“Oh, Hi!” Has a Lock on Millennial Dating Fears

Anyone dating in the 2020s knows that things are bleak. Dating apps were supposed to be the solution to this. They were supposed to allow singles to connect because it’s hard to meet people. All these technological creations were intended to solve our loneliness epidemic, but the opposite is becoming true. Dating in the 21st century is a horror. These apps have essentially trained users to find something wrong with the person they’re talking to because the next match, always the next match, is the right one. These modern dating horrors are the subject of writer/director Sophie Brooks’ Oh, Hi!. The story, co-created with actor/producer Molly Gordon, will certainly hit a little too close to home for those who have found themselves in a situationship and can’t find their way out.

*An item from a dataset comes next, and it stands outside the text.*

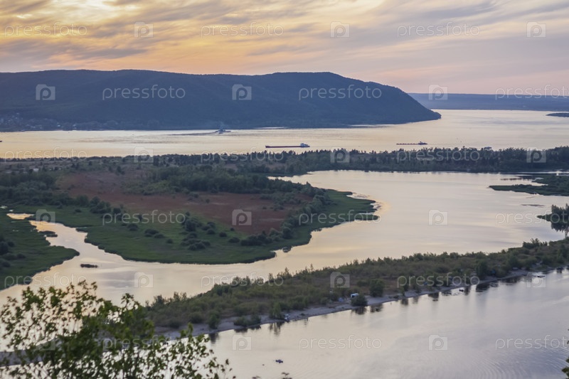 Закат на реке Волге. Природный ландшафт. отражение, голубое небо и желтый солнечный свет. пейзаж во время заката

Iris (Gordon) and Isaac (Logan Lerman) have been seeing each other for four months and are en route to their first weekend away together. They’ve booked a rental farmhouse in upstate New York and are excited at the prospect of a trip out of the city. Things are progressing as one would expect for a couple still in their honeymoon phase, but that’s just the thing. One of them doesn’t believe they’re in a relationship. Isaac insists that the past four months have been casual and Iris has just misunderstood. Iris, unwilling to let things go, decides she won’t unlock the handcuffs that are keeping Isaac chained to the bed. Over the course of 40-odd hours, Iris’ plan to win him over goes even more off the rails.

courtesy of Sony Pictures Classics

At the risk of sounding hyperbolic, Molly Gordon is the funniest actor in Hollywood. She stole scenes in Shiva Baby, Booksmart, and You People. Her directorial debut, Theater Camp, is outrageously fun. She’s the kind of comedic actor who can split your sides with laughter and make your heart break in the same breath. Despite Gordon having a hand in the story of Oh, Hi!, the film doesn’t use her to her full potential. If any movie called for her ability to shift tones from serious to screwball comedy, it would be this one. Gordon is fairly restrained, though her performance might only feel that way to those more familiar with her filmography. She’s still very much the glue that holds Oh, Hi! together. Her chemistry with Lerman is delightful and sparkling. They easily sell the breathlessness of a new relationship, or non-relationship in this case.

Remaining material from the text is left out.